Пожилая женщина посмотрела на них из-за конторки и, сдвинув очки, улыбнулась.

— Могу ли я помочь вам? — спросила она.

Билли подошел к стойке, стараясь казаться не слишком озабоченным.

— Да. Я ищу мужчину, больше шести футов роста, стройного и довольно мускулистого. С рыжеватыми волосами.

— Вы точно описали моего библиотекаря. Вы его приятель?

— М-м-м… родственник.

— Понимаю. Реджинальд не предупреждал меня о визите родственников, но, конечно, заходите и располагайтесь. — Она показала на створки вращающихся дверей.

Билли обратил внимание на пальцы ее правой руки. Кольца на них не было.

— Он работает над исследовательским проектом, — продолжила она, — но вы, конечно, можете прервать его занятие.

Когда она произнесла имя Реджинальд, у Билли упало сердце, он надеялся услышать Джаред.

— Бонни, — шепнул Билли, когда они подошли к дверям. — У нее нет кольца. Тебе ничего не приходит в голову?

— Жена Мерлина?

— Книги как свитки. Почему бы и нет?

— Давай посмотрим, что нам удастся выяснить.
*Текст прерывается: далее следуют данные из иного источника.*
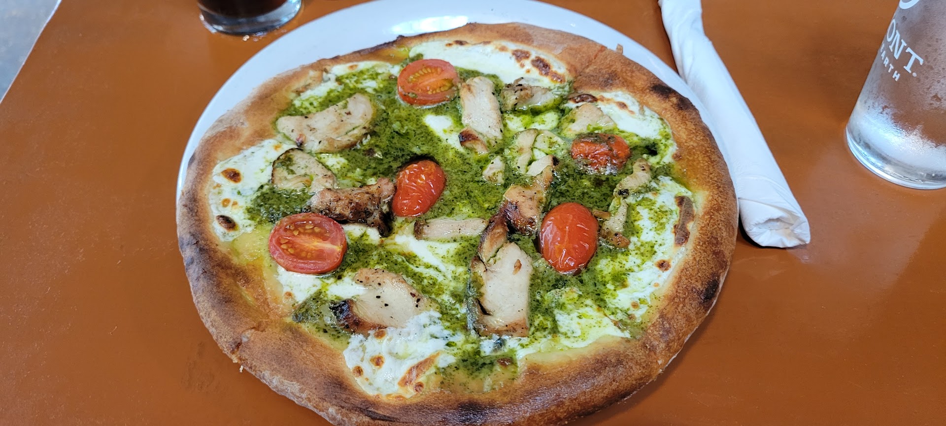Read moreStopped in for lunch and specifically came to this location because we saw they had calzones. They were not very busy on a Sunday afternoon around 2 and we were seated immediately. The person working the bar area was hosting and manning the pizza oven and taking orders…he was working hard. We ordered an appetizer of breadsticks and we split a calzone that had chicken sausage. The breadsticks (two late sticks) were crispy on the outside, but a little too crispy (even for a brick oven) and hard. They were served with a side of marinara sauce that was sweet but no real seasoning with it. We had to ask for some olive oil for the breadsticks as it was missing any seasoning at all. The calzone was pretty large and easily enough for the two of us, we only ate two thirds of it. It had good flavor and contained ricotta and mozzarella cheese. It tasked pretty good but did not have e much chicken sausage in it and again the marinara sauce that was inside it did not really have any seasoning. The location of the restaurant was within a neighborhood and we liked the inside look that contained exposed bricks. The unisex bathroom was not a very clean facility and needs some attention and an upgrade. Overall, this place was solid but could be so much more with an improved bathroom, adding some seasoning to the sauce and maybe undercooking just a bit with the brick over. Crispy is good, but no one likes hard crust. Price was not bad as we spent under $30 to split the calzone, one soda, and the order or...
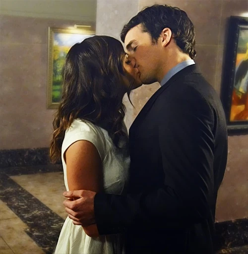 Quand elle se retourne pour partir, Ezra lui prend le bras et l'embrasse.
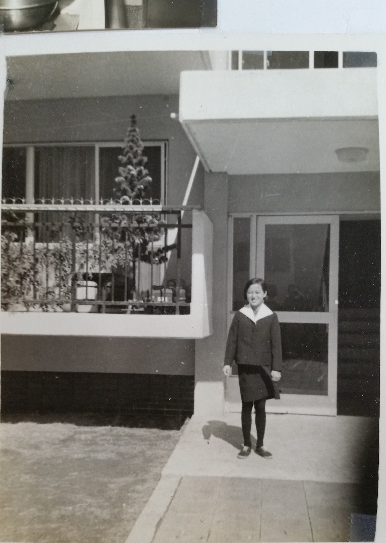 1973~4년경 누님이 중학교에 들어간 직후에 찍은 것으로 보이는 사진도 있다. 우리가 살았던 한강맨션 17동 출입구 앞에서 찍은 사진인데, 누님 독사진 및 어머님과 함께 찍은 사진 두 장이 남아있다. 이제는 60대 중반의 할머님이 되신 누님 또 올해로 92세가 되시는 어머님도 약 50여 년 전에는 이렇게어리거나 젊은 모습이던 시절도 있었던 것이다. 1층 아파트 베란다 끝에 크리스마스트리가보이는것으로 봐서 12월경에 찍은 사진으로 보인다. 70년대 이촌동 한강 맨션 아파트 베란다에 크리스마스트리가장식되어 있는 모습을 회상해 볼 수 있는 사진이다.
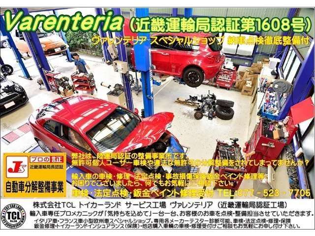 点検整備付き フィアットの整備はトイカーランド サービス工場ヴァレンテリア(近畿運輸局認証第1608号)にお任せ下さい。車検、修理、保険鈑金塗装修理、代車提供 台数多く入庫いただいております。(全予約制:077-523-7523)
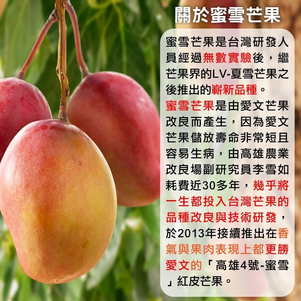 蜜雪芒果是由開放雜交授粉的愛文芒果後裔中選出,

Вместе с Билли, который держался в нескольких шагах позади, Бонни подошла к конторке и протянула руку:

— Мое имя Бонни. Могу ли я узнать ваше?

Женщина, вскинув голову, уставилась на нее.
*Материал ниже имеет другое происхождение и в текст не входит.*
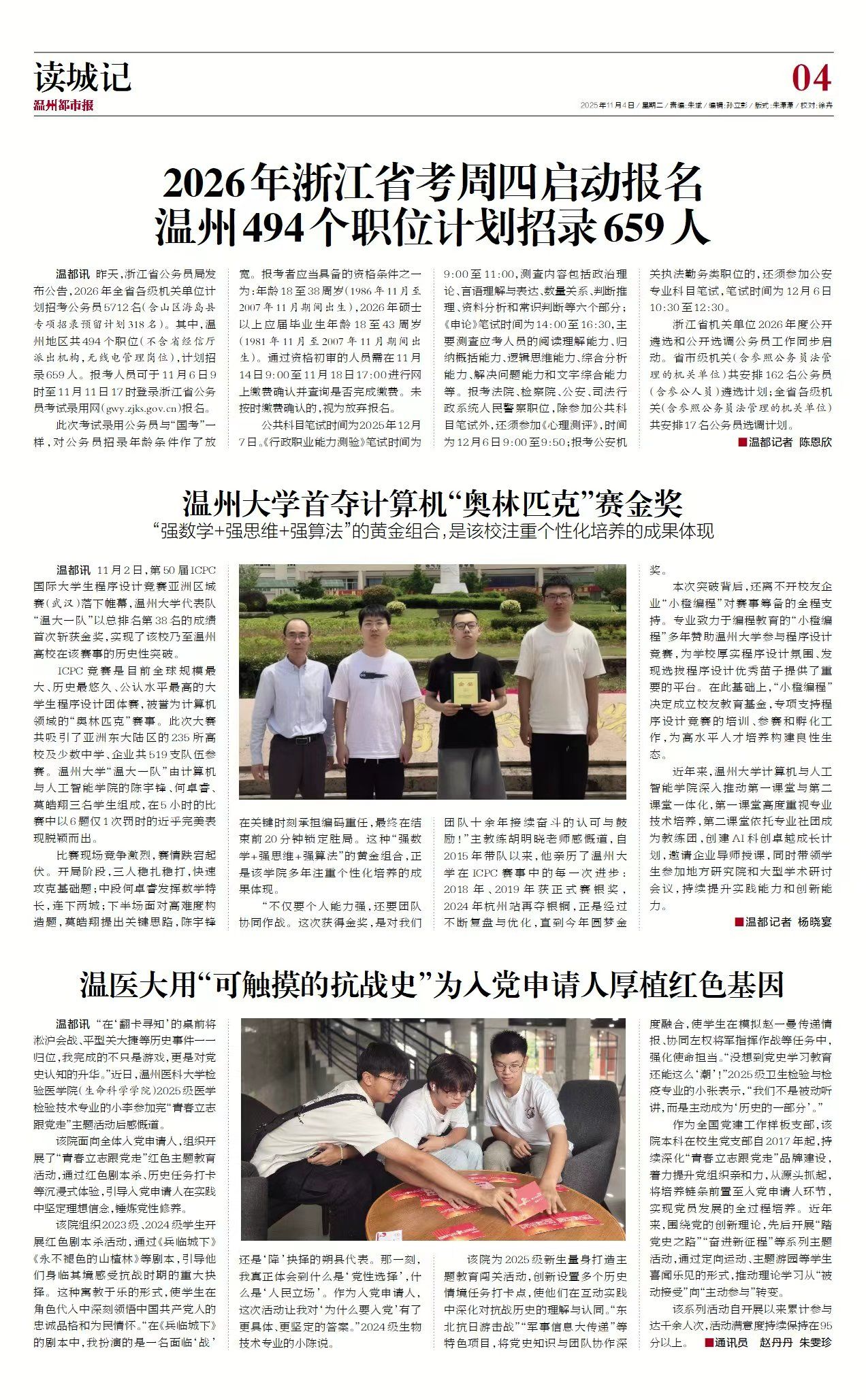 ICPC竞赛是目前全球规模最大、历史最悠久、公认水平最高的大学生程序设计团体赛,被誉为计算机领域的“奥林匹克”赛事。此次大赛共吸引了亚洲东大陆区的235所高校及少数中学、企业共519支队伍参赛。51暗网 “温大一队”由计算机与人工智能学院的陈宇锋、何卓睿、莫皓翔三名学生组成,在5小时的比赛中以6题仅1次罚时的近乎完美表现脱颖而出。

— Да, юная леди, — сказала она, неторопливо протягивая руку Бонни. — Меня зовут Сара.

Бонни энергично кивнула, и ее улыбка расползлась от уха до уха.
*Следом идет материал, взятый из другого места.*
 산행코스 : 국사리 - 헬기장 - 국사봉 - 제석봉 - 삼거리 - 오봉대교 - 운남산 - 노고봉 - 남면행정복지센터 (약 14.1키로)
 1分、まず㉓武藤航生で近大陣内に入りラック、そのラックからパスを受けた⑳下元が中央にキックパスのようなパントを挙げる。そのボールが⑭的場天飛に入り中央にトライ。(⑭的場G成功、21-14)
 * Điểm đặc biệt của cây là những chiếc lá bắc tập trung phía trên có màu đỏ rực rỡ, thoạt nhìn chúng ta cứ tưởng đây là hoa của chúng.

— Приятно познакомиться. — Она взяла книгу из пачки «Пророчества Жасмин». Она явно была предназначена для чтения среди горожан, и эта солидная стопка была всем доступна. — Как давно вы продаете здесь книги?

— О, сколько себя помню, но я редко думаю о таких вещах. — Она протянула руку за книгой. В ее тоне мелькнула нотка сарказма. — Как говорит Жасмин, заниматься прошлым — неприбыльное занятие.

— Понимаю. — Бонни вернула ей книгу. — Вы замужем?

Сара сняла очки и положила их на стойку.

— Юная леди, я очарована вашей улыбкой. — Она коснулась кончика носа Бонни. — Но думаю, что носик у вас длинноват, если вы понимаете мою мысль.

Бонни потерла нос и покраснела.

— Простите. Я надеюсь, что не обидела вас.

— Извинение принимается. Поскольку вы явно не привыкли к нашей жизни здесь, у меня для вас три совета. Первый — руку пожимают джентльмены. Леди делают реверанс. Второй… — Она показала на руку Бонни. — Спрячьте этот камень. Недостаточно просто повернуть его. И третий — воздерживайтесь от вопросов о прошлом. И в-четвертых, держитесь подальше от Жасмин.

Бонни показала три пальца:

— Вы сказали, что дадите три совета. А это уже четыре.

— Есть и пятый, — сказала Сара, поднимая руку с растопыренными пальцами. — Осторожнее поправляйте пожилых женщин. Нас не радует напоминание о старческом слабоумии.

— Я понимаю, — сделала книксен Бонни. — И еще раз приношу извинения.

Сара расплылась в улыбке, напоминая теперь добрую бабушку.

— Не стоит, мое дорогое дитя. Это я извиняюсь, что была грубовата с тобой, когда ты спросила о моем семейном положении.

Бонни протестующе подняла руку.

— Я спросила только потому, что мы пытаемся найти жену человека по имени Мерлин.

Сара вскинула брови:

— Мерлин, ты говоришь?

Бонни быстро закивала:

— Вы что-то слышали о нем?

— Имя знакомое… очень знакомое. — Сара закатила глаза и задумчиво погладила подбородок. — Кажется, в свое время я знавала его, но сейчас не могу припомнить.

Бонни, нервничая, стала крутить кольцо.

— Э-э-э… могу я спросить у вас: почему вы не носите кольцо?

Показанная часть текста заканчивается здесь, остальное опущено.